> _Information provided_:
.....

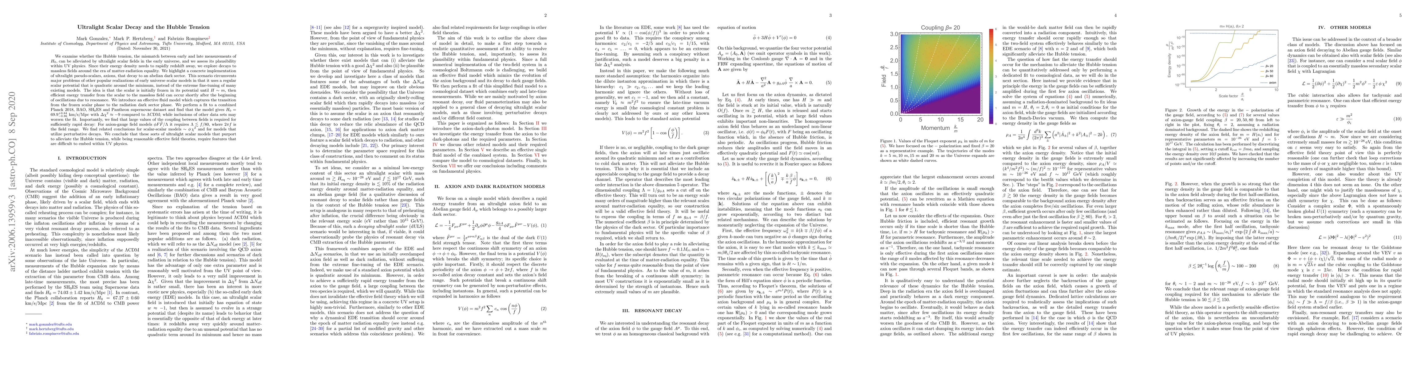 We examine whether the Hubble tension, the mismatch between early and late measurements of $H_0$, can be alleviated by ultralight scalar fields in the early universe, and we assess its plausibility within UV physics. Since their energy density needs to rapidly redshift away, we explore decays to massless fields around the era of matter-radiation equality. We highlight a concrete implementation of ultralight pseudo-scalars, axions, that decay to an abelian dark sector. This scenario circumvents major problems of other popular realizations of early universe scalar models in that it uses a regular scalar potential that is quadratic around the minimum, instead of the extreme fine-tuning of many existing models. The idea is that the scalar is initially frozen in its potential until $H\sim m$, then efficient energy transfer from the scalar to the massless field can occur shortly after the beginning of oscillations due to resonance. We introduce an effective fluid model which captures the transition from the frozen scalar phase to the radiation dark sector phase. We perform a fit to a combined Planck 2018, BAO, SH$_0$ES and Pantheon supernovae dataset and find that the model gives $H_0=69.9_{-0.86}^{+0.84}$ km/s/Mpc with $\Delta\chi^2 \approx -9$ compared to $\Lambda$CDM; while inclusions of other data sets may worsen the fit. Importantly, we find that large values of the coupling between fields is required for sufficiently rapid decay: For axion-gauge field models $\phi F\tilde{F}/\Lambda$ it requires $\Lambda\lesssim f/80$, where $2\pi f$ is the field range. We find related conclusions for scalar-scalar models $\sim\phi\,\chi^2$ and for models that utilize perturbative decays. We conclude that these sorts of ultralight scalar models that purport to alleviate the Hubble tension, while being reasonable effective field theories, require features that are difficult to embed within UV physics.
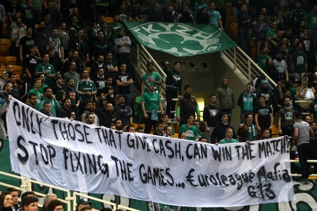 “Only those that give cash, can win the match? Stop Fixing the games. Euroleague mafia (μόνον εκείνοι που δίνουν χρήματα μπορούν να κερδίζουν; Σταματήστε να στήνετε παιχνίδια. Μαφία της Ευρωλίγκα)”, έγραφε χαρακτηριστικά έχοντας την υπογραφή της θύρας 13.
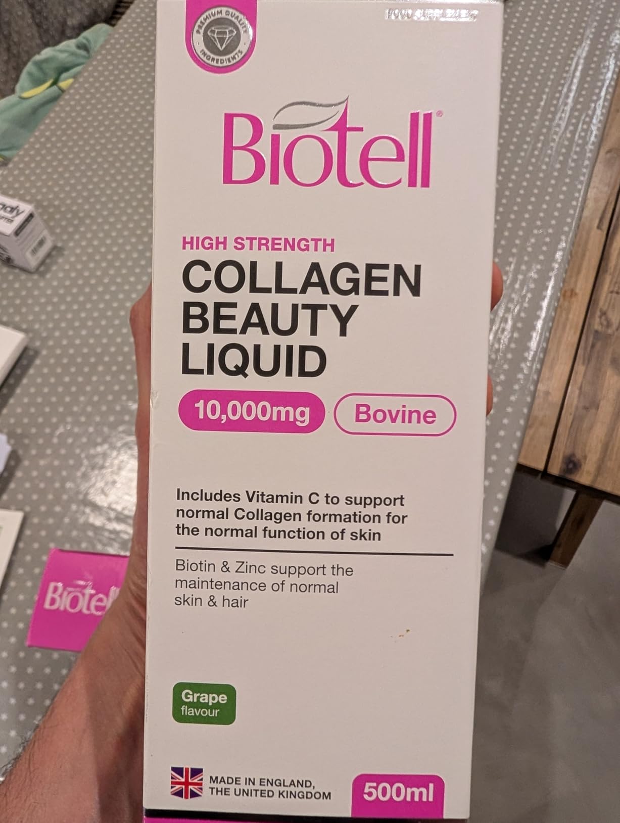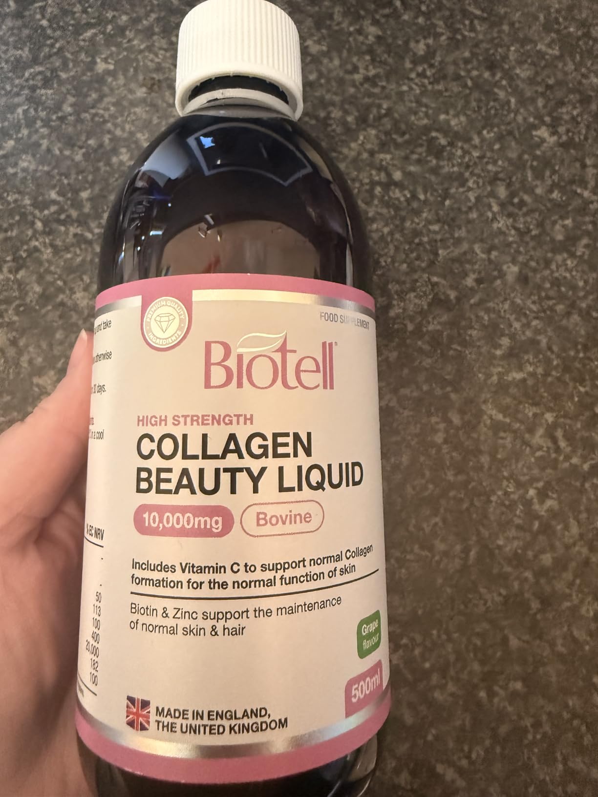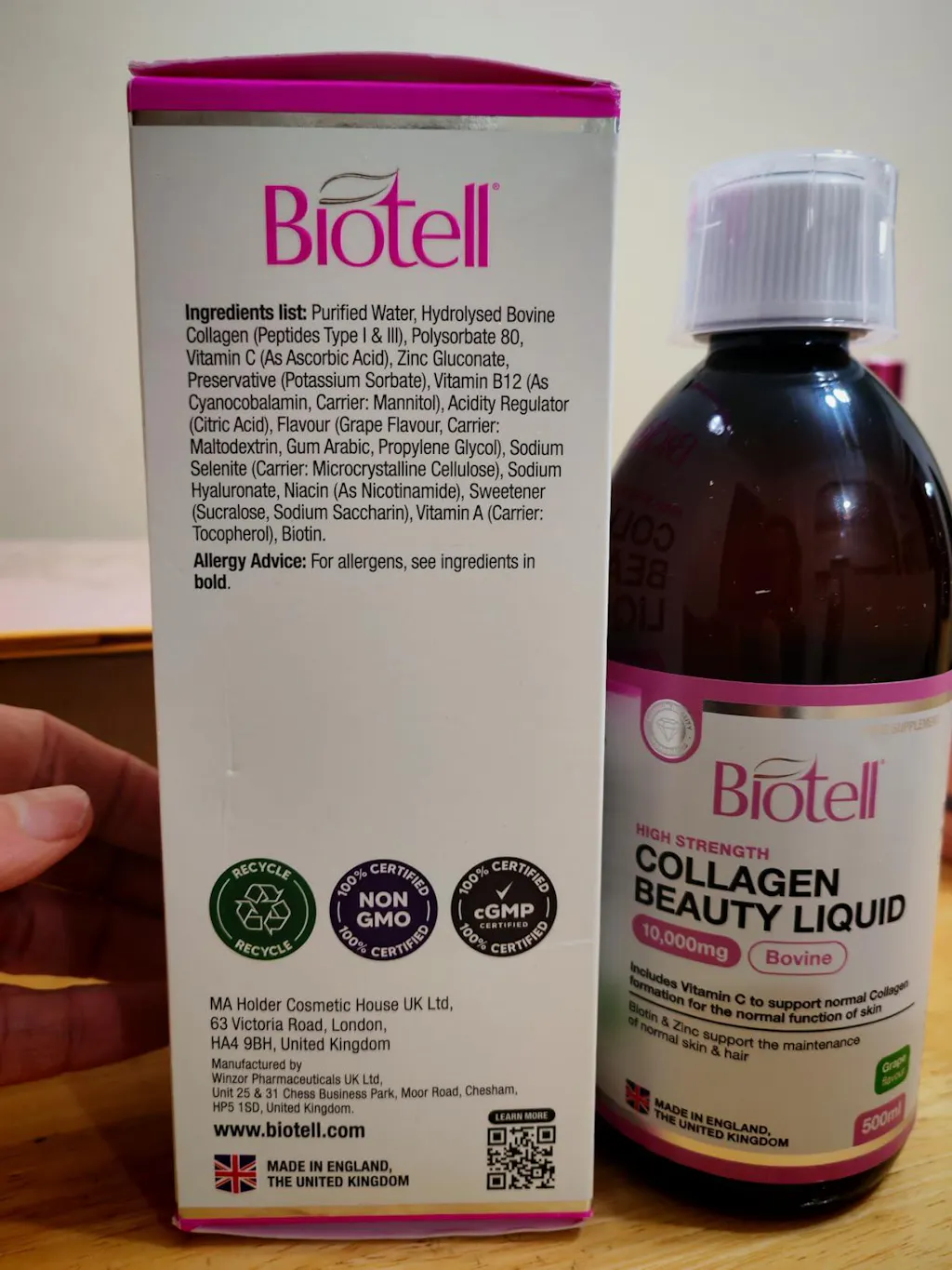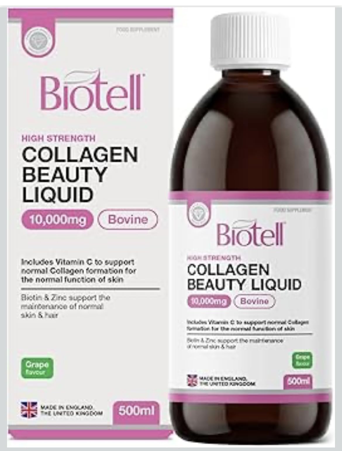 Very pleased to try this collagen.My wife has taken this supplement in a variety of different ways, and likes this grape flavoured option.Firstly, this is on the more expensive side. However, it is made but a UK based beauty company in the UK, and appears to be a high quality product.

.....

> _Your task_: Please repeat the listing precisely, excluding the pictures it contains.

> _Result_:
 We examine whether the Hubble tension, the mismatch between early and late measurements of $H_0$, can be alleviated by ultralight scalar fields in the early universe, and we assess its plausibility within UV physics. Since their energy density needs to rapidly redshift away, we explore decays to massless fields around the era of matter-radiation equality. We highlight a concrete implementation of ultralight pseudo-scalars, axions, that decay to an abelian dark sector. This scenario circumvents major problems of other popular realizations of early universe scalar models in that it uses a regular scalar potential that is quadratic around the minimum, instead of the extreme fine-tuning of many existing models. The idea is that the scalar is initially frozen in its potential until $H\sim m$, then efficient energy transfer from the scalar to the massless field can occur shortly after the beginning of oscillations due to resonance. We introduce an effective fluid model which captures the transition from the frozen scalar phase to the radiation dark sector phase. We perform a fit to a combined Planck 2018, BAO, SH$_0$ES and Pantheon supernovae dataset and find that the model gives $H_0=69.9_{-0.86}^{+0.84}$ km/s/Mpc with $\Delta\chi^2 \approx -9$ compared to $\Lambda$CDM; while inclusions of other data sets may worsen the fit. Importantly, we find that large values of the coupling between fields is required for sufficiently rapid decay: For axion-gauge field models $\phi F\tilde{F}/\Lambda$ it requires $\Lambda\lesssim f/80$, where $2\pi f$ is the field range. We find related conclusions for scalar-scalar models $\sim\phi\,\chi^2$ and for models that utilize perturbative decays. We conclude that these sorts of ultralight scalar models that purport to alleviate the Hubble tension, while being reasonable effective field theories, require features that are difficult to embed within UV physics.
 “Only those that give cash, can win the match? Stop Fixing the games. Euroleague mafia (μόνον εκείνοι που δίνουν χρήματα μπορούν να κερδίζουν; Σταματήστε να στήνετε παιχνίδια. Μαφία της Ευρωλίγκα)”, έγραφε χαρακτηριστικά έχοντας την υπογραφή της θύρας 13.
 Very pleased to try this collagen.My wife has taken this supplement in a variety of different ways, and likes this grape flavoured option.Firstly, this is on the more expensive side. However, it is made but a UK based beauty company in the UK, and appears to be a high quality product.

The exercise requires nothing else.